「下品さ」と青森県知事の辞職


 青森県知事が女性問題をきっかけにして辞職する事となった。
しかし、この問題はもともと、週刊新潮が報じたセクハラ&不倫疑惑に端を発するのだが、相手となる女性は一貫してセクハラを否定、知事に辞める必要の無い旨を伝えていた。ソースこれ。



 報道する新潮も新潮だ。つうかオヤジ系週刊誌の品の無さったら。
ちょっと脱線して噛み付いておくが、書店やコンビニ、或いは電車の中吊り広告で見かけるこういったオヤジ系週刊誌の記事の見出しは、大抵が下世話で下品で。
今更そんなもの見て照れるキャラでは無いが、こういうの見てると恥ずかしさを通り越して人格疑われそうで。
にも関わらずこうして出版され続けていると言うのは、需要が在り、そして書く者が多いと言う事だ。
言い換えれば、如何に下品なものを好む者が多いかと言う事を表す。



 こんな雑誌の記事によって知事の職を追われる訳だ。
少なくとも、セクハラのように他者に一方的に迷惑を掛けたとか、立場を利用しての汚職であるとかだったら別だが、不倫程度で大騒ぎ。
こんなの、個人間の問題なんだから放っとけっての。他人がどうこう言える事じゃないじゃん。
どうも、政治家というものに対して(と云うよりは先生とつく偉いと云われる人達に対して)人々は変に潔癖で在るべきだという幻想と願望を抱くようだ。

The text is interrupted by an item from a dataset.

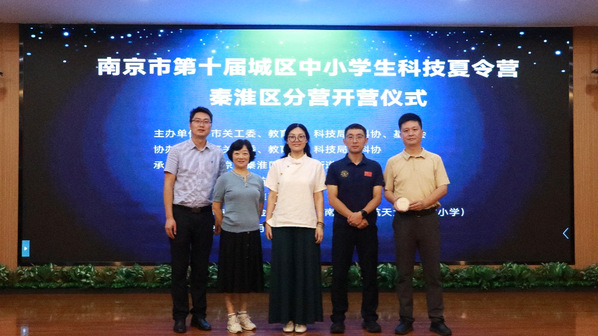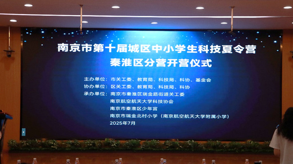 7月15日,南京市城区中小学生科技夏令营(秦淮区分营)开营仪式在瑞金北村小学隆重举行。本次活动以“探梦科技,共赴未来之约”为主题,由秦淮区关工委牵头,联合区教育局、科技局、科协及瑞金路街道共同主办,南京市瑞金北村小学、秦淮区少年宫和亚洲无码 联合承办。

 先程述べたように、オヤジ系雑誌の殆どは下品である。それは逆に言えば読者の品性をそのまま表す。
下品な記事を鼻の下を伸ばして読むような者が、殊、センセイに対しては潔癖さを要求する矛盾。
そして、こういう人たちは決まってこういう台詞を口にする。
「期待を裏切られた」「そんな人だとは思わなかった」と。
選挙で選んだのは自分。
勝手に幻想を抱いたのも自分。
それを棚上げして人の所為にする厚かましさ。
そしてそれを利用して権力を手に入れようとする者の図々しさ。



 車のハンドルには「遊び」と云われる若干の余裕がある。
もしそれが無かったら、ちょこっとハンドルを切るだけで車は走行中のバランスを失いあさっての方へと向いてしまうのだ。
低速走行時ならまだ良いが、それが高速走行時だったら大変な事になる。
それに第一、運転中に強いられる緊張は比較にならないだろう。否、それどころか運転に支障を来す筈だ。
同様に、人間同士でも同じ事が言えるのでは無いか。
勿論、他者を蹂躙する犯罪の類に関しては厳しくしなくてはならない。否、そう言った犯罪に対してさえも、情状酌量する余地を持つ必要がある。況や、普通の生活をや。
自分たちの事を棚に上げて他者を論(あげつら)う様な真似は決して美しくは無いだろう。
それよりも、状況によって許す、と考える事の重要さ。
自分の事を顧みれば、それも難しい話ではないだろう。



 俺は決して、お上品な類ではない。
折あらば乳揉みてーとか尻撫でてーとかセックスしてーとか考える訳だし、♪モテたいっすね〜とか歌う訳だし。
本来、オヤジ系雑誌の下品さを嘲笑出来る柄ですらないだろう。
だが、己の下品さを棚に上げ他者を論うような偽善者でありたくはないし、腐臭を放ち続ける真夏のヘドロの様にいつも下品さを垂れ流す真似もしたくはない。
だからこそ、この話はおかしいと思うのだ。
他に、祭り上げる事は多々ある筈だろうに。